Abstract

We have examined the effects of recombinant human interleukin-11 (rhIL- 11) on the recovery of peripheral blood cell counts and proliferation of progenitors and hematopoietic stem cells (day 12 colony-forming units-spleen-CFU-S12) in vivo using a mouse bone marrow (BM) and spleen cell transplantation model. Recovery of leukocytes was accelerated in animals receiving daily administration of rhIL-11 (100 micrograms/kg/d) and reached normal levels by day 14 posttransplantation. This increased total leukocyte count reflected mainly an increase in neutrophils. Neutropenia (absolute neutrophil count [ANC] < 1,500) was present in control transplant mice for 14 to 15 days, while in the rhIL-11-treated group, neutrophils recovered to normal by days 8 to 10 and continued to increase until day 19. Animals treated with rhIL-11 had only 1 day with ANC demonstrated < 500. Correspondingly, rhIL-11 treatment increased granulocyte-macrophage progenitors (CFU-GM) derived from both spleen and BM cells.

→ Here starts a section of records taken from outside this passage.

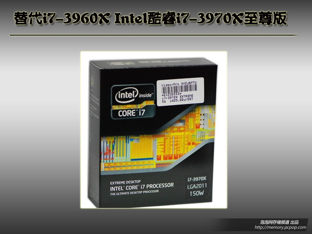 酷睿i7-3970X Extreme为黑盒版,性能处于Sandy Bridge-E架构产品的顶端,使用LGA2011接口封装,默认主频3.5GHz,支持英特尔Turbo Boost睿频至4.00GHz,6核心12线程,256KB L2高速缓存,每个核心共享15MB 三级缓存,集成四通道DDR3内存控制器,支持容量最高128GB,主要搭配英特尔X79芯片主板使用。其额定功率为150W,高于目前的i7-3960x的130W水平。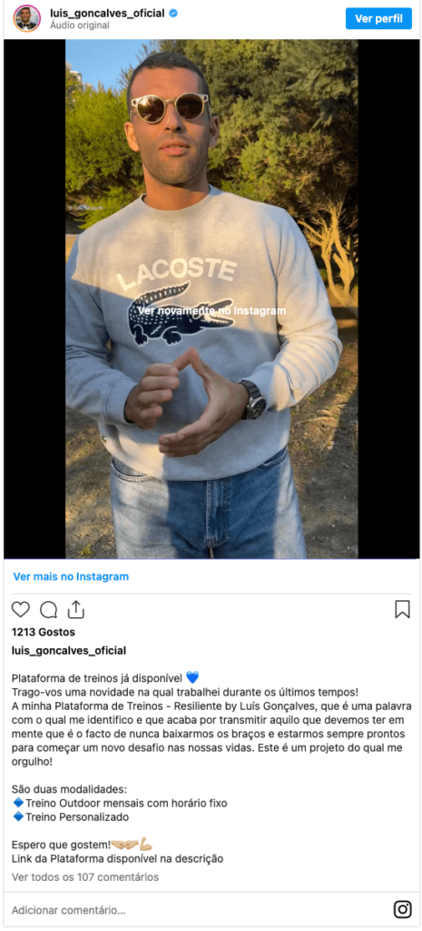 “Plataforma de treinos já disponível. Trago-vos uma novidade na qual trabalhei durante os últimos tempos! A minha Plataforma de Treinos – Resiliente by Luís Gonçalves, que é uma palavra com o qual me identifico e que acaba por transmitir aquilo que devemos ter em mente que é o facto de nunca baixarmos os braços e estarmos sempre prontos para começar um novo desafio nas nossas vidas.”, começou por anunciar Luís.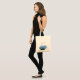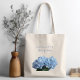 Bolsa de tela con flores de hortensias azules. Bolso para cortejo nupcial con dos líneas de texto para nombre y título. La letra cursiva verde oscuro es fácil de personalizar para una novia, dama de honor, madrina de honor, dama de honor joven o niña de las flores. Las bonitas flores de hortensia azul claro en tallos con hojas verdes es el diseño que se imprimirá en un lado de su elección de estilo de bolsa.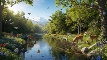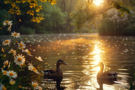 A serene lake surrounded by blooming flowers and lush greenery, with ducks and frogs quietly enjoying their natural habitat, under a golden sunset.. AI generated.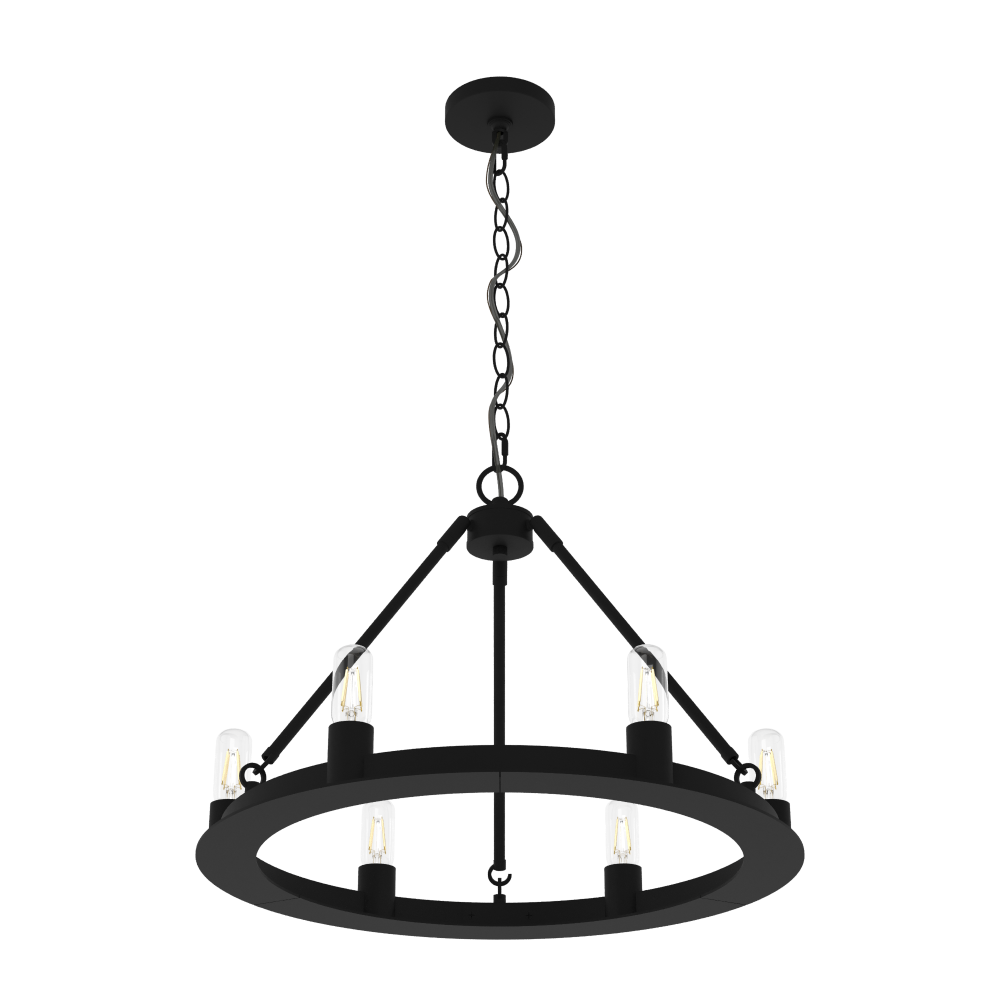 For small spaces that need big style, the Saddlewood round chandelier fits the bill. The simple yet bold design of the Saddlewood round chandelier makes it the perfect statement piece in modern industrial and farmhouse spaces. Add your own personal touch to this 6-light chandelier with the bulb style you choose.

Higher doses of IL-11 increased CFU-GM nearly threefold and CFU-Mix fourfold to fivefold, while increasing burst-forming units- erythroid to a lesser degree. BM and spleen cellularity were both increased in IL-11-treated mice, but no increase in CFU-S12 was noted. In addition, in vivo daily administration of IL-11 increased peripheral platelet counts by threefold over control transplant mice at day 10 posttransplantation during the post-irradiation platelet nadir. Further treatment led to platelet counts higher than normal 18 days posttransplantation when control animals had just attained normal platelet counts. IL-11 can accelerate the recovery of the peripheral blood leukocytes, mainly neutrophils, and platelets in transplant mice, effects that may be clinically useful in future applications for BM transplantation and chemotherapy-related cytopenias.